According to both FTR and ACT, February 2020 saw a significant drop in year-over-year Class 8 orders.  -  Source: FTR

According to both FTR and ACT, February 2020 saw a significant drop in year-over-year Class 8 orders.

Source: FTR

Preliminary reports from both ACT Research and FTR show that North American Class 8 orders for February fell 18-20% from January. Both reported a total drop of 14,100 units.

“This is not good news for the trucking industry or the economy,” said Don Ake, vice president commercial vehicles at FTR. “It appears fleets have decided to delay some orders until the health crisis has passed," he said, referring to the Coronavirus outbreak. "There is no pressure for fleets to order more trucks, since most carriers have enough capacity to handle current freight volumes.”

This is the lowest order activity for the month of February since 2010. With fleets already being cautious in equipment purchases due to the flat freight market and slowing economy, the COVID-19 virus has created more uncertainty. Orders had been right at replacement levels for four months, but now it appears fleets will take a pause in replacing older trucks until current anxiety dissipates, according to FTR. Class 8 orders have totaled 177,000 over the past 12 months.

“Weak freight market and rate conditions, as well as a still-large backlog, continue to bedevil new Class 8 orders,” said Kenny Vieth, ACT’s president and senior analyst. He continued, “February is not a particularly strong Class 8 order month [normally], and this February’s results, seasonally adjusted, were the weakest monthly order rate since last August. With COVID-19 becoming a hot topic at the end of February, one wonders if that impacted order activity.”

ACT noted that the coronavirus outbreak has not affected medium-duty vehicle orders as much, as that segment reported a third consecutive month of solid orders.
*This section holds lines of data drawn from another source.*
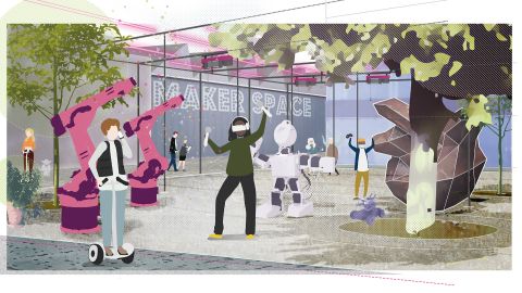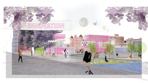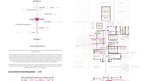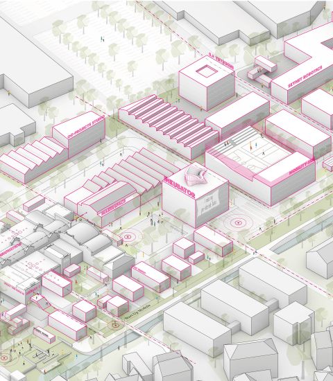 Der Schlachthof dient dabei als zentraler „Nukleus“, der verschiedene Phasen der Unternehmensentwicklung unterstützt – von der Ideenfindung bis zur Realisierung. Wir schaffen flexible Zonen für Start-ups, in denen Unternehmen wachsen können, ohne den Raum zu verlassen, wenn sie erfolgreich sind. Der städtebauliche Ansatz fördert Interaktivität, indem er Verkehrsinfrastruktur und öffentliche Räume so gestaltet, dass sie den Austausch zwischen den Nutzern intensivieren. Durch eine hohe Dichte und vielfältige Nutzungen entsteht ein lebendiges, heterogenes Quartier, das sich organisch in die Stadtstruktur einfügt. Das Quartier fördert Kreativität und Innovation und bietet Raum für unterschiedliche Entwicklungsgeschwindigkeiten und -typen.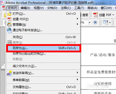把PDF文档打开后可以看到文档做左上角的菜单”文件“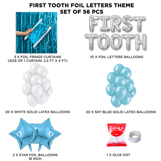 1st Tooth Foil Letters Theme Without Curtain - Blue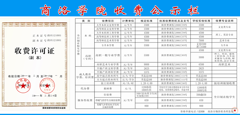英国365上市公司执行商洛市物价局核定的收费项目和收费标准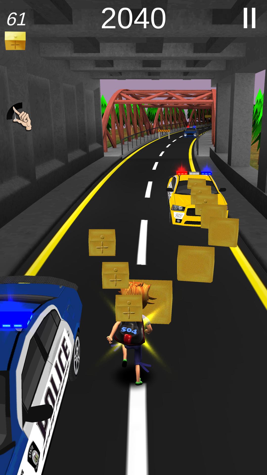 Run Fo It as long as you can while dodging police cars, barriers, stop signs and spikes! It won't be easy as you will have to make sharp turns, run on walls and swing on poles.

Additionally, according to ACT Research’s recently released Transportation Digest, key truck transportation metrics continued to give mixed signals in early 2020. The report shows that the total medium-duty market closed 2019 on a positive note, with all indicators improving sequentially in December, while the US trailer segment closed 2019 on weak net orders, well below seasonal expectations.

“It is going to be a capacity rationalization year, that hopefully will go a long way in restoring the supply-demand balance between trucks and freight,” said Vieth, adding, “In 2019, the medium-duty sector saw moderate gains in production and sales, but weakening demand in late 2019 set a course for an overall decline in 2020. Anecdotal information from the trailer market points to price concessions occurring to incentivize order placements, in hope that those incentives will help to soften anticipated large declines.”